Transplant-Free Survival and Interventions at 6 Years in the Single Ventricle Reconstruction Trial
Background—In the Single Ventricle Reconstruction (SVR) trial, one-year transplant-free survival was better for the Norwood procedure with right ventricle-to-pulmonary artery shunt (RVPAS) compared with a modified Blalock-Taussig shunt (MBTS) in patients with hypoplastic left heart and related syndromes. At 6 years, we compared transplant-free survival and other outcomes between the groups.
Methods—Medical history was collected annually using medical record review, telephone interviews, and the death index. The cohort included 549 patients randomized and treated in the SVR trial.
Results—Transplant-free survival for the RVPAS vs. MBTS groups did not differ at 6 years (64% vs. 59%, P=0.25) or with all available follow-up of 7.1±1.6 years (log-rank P=0.13). The RVPAS vs. MBTS treatment effect had non-proportional hazards (P=0.009); the hazard ratio (HR) for death or transplant favored the RVPAS before Stage II surgery (HR=0.66; 95% CI 0.48-0.92). The effect of shunt type on death or transplant was not statistically significant between Stage II to Fontan surgery (HR 1.36, 95% CI 0.86-2.17, p=0.17) or after the Fontan procedure (HR 0.76, 95% CI 0.33-1.74, p=0.52). By 6 years, RVPAS patients had a higher incidence of catheter interventions (0.38 vs. 0.23/patient-year, P<0.001), primarily due to more interventions between the Stage II and Fontan procedures (HR=1.72, 95% CI 1.00-3.03). Complications did not differ by shunt type; by 6 years, one in five patients had had a thrombotic event and one in six, seizures.

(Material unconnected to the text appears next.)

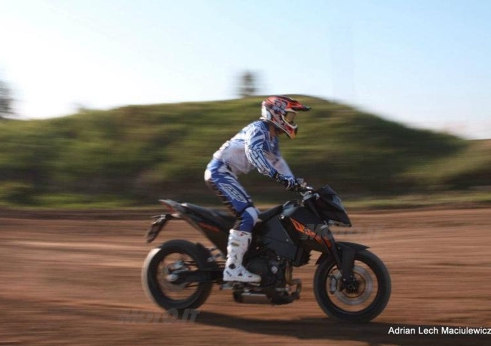 Dopo averlo visto al Ranch La Biscia, in compagnia di Valentino Rossi, ecco che Tony Cairoli ci mostra qualche suo scatto durante una sessione di allenamento, intento a provare le doti versatili della sua KTM Duke 690 in una pista da cross.
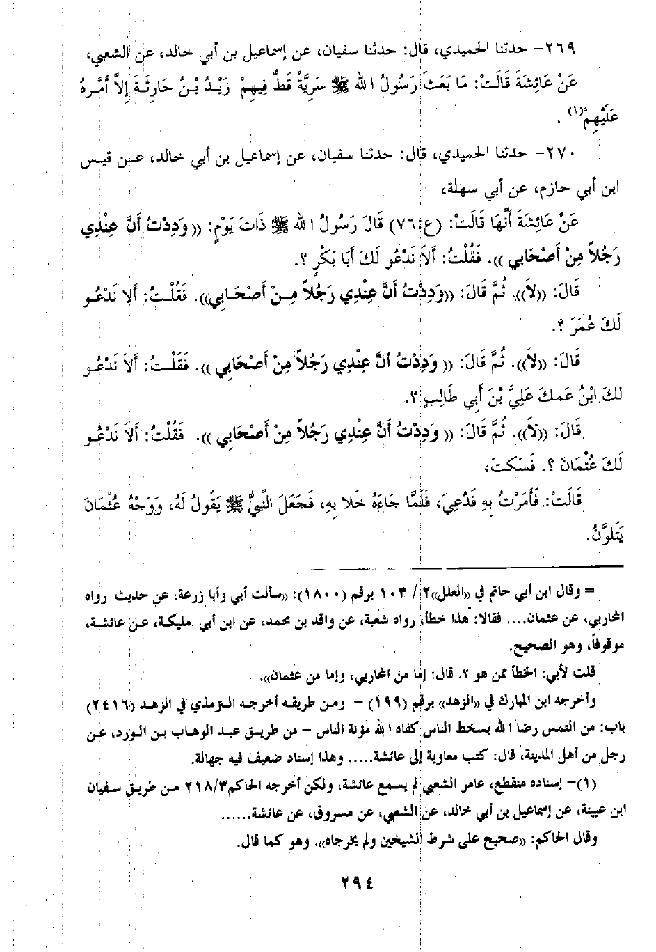270 - حَدَّثَنَا الْحُمَيْدِيُّ قَالَ: ثنا سُفْيَانُ، عَنْ إِسْمَاعِيلَ بْنِ أَبِي خَالِدٍ، عَنْ قَيْسِ بْنِ أَبِي حَازِمٍ، عَنْ أَبِي سَهْلَةَ، عَنْ عَائِشَةَ أَنَّهَا قَالَتْ: قَالَ رَسُولُ اللَّهِ صَلَّى اللهُ عَلَيْهِ وَسَلَّمَ ذَاتَ يَوْمٍ «وَدِدْتُ أَنَّ عِنْدِي رَجُلًا مِنْ أَصْحَابِي» فَقُلْتُ: أَلَا نَدْعُو لَكَ أَبَا بَكْرٍ؟ قَالَ «لَا» ثُمَّ قَالَ «وَدِدْتُ أَنَّ عِنْدِي رَجُلًا مِنْ أَصْحَابِي» فَقُلْتُ أَلَا نَدْعُو لَكَ عُمَرَ؟ قَالَ «لَا» ثُمَّ قَالَ «وَدِدْتُ أَنَّ عِنْدِي رَجُلًا مِنْ أَصْحَابِي» فَقُلْتُ: أَلَا نَدْعُو لَكَ ابْنَ عَمِّكَ عَلِيَّ بْنَ أَبِي طَالِبٍ؟ قَالَ: «لَا» ثُمَّ قَالَ: «وَدِدْتُ أَنَّ عِنْدِي رَجُلًا مِنْ أَصْحَابِي» فَقُلْتُ: أَلَا نَدْعُو لَكَ عُثْمَانَ؟ فَسَكَتَ، قَالَتْ: فَأَمَرْتُ بِهِ فَدُعِيَ فَلَمَّا جَاءَهُ خَلَا بِهِ، فَجَعَلَ النَّبِيُّ صَلَّى اللهُ عَلَيْهِ وَسَلَّمَ يَقُولُ لَهُ وَوَجْهُ عُثْمَانَ يَتَلَوَّنُ -[295]- قَالَ سُفْيَانُ: وَحَدَّثُونِي، عَنِ ابْنِ أَبِي خَالِدٍ عَنْ قَيْسٍ عَنْ أَبِي سَهْلَةَ فَقَالَتْ عَائِشَةُ فِي هَذَا الْحَدِيثِ: فَلَمْ أَحْفَظْ مِنْ قَوْلِهِ إِلَّا أَنَّهُ قَالَ «§وَإِنْ سَأَلُوكَ أَنْ تَنْخَلِعَ مِنْ قَمِيصٍ قَمَّصَكَ اللَّهُ عَزَّ وَجَلَّ فَلَا تَفْعَلْ»

Conclusions—By 6 years, the hazards of death or transplant and catheter interventions were not different between the RVPAS vs. MBTS groups. Children assigned to the RVPAS group had 5% higher transplant-free survival but the difference did not reach statistical significance, and they required more catheter interventions. Both treatment groups have accrued important complications.
Clinical Trial Registration—Unique Identifier: NCT00115934 URL: http://clinicaltrials.gov
- Received May 15, 2017.
- Revision received January 2, 2018.
- Accepted January 16, 2018.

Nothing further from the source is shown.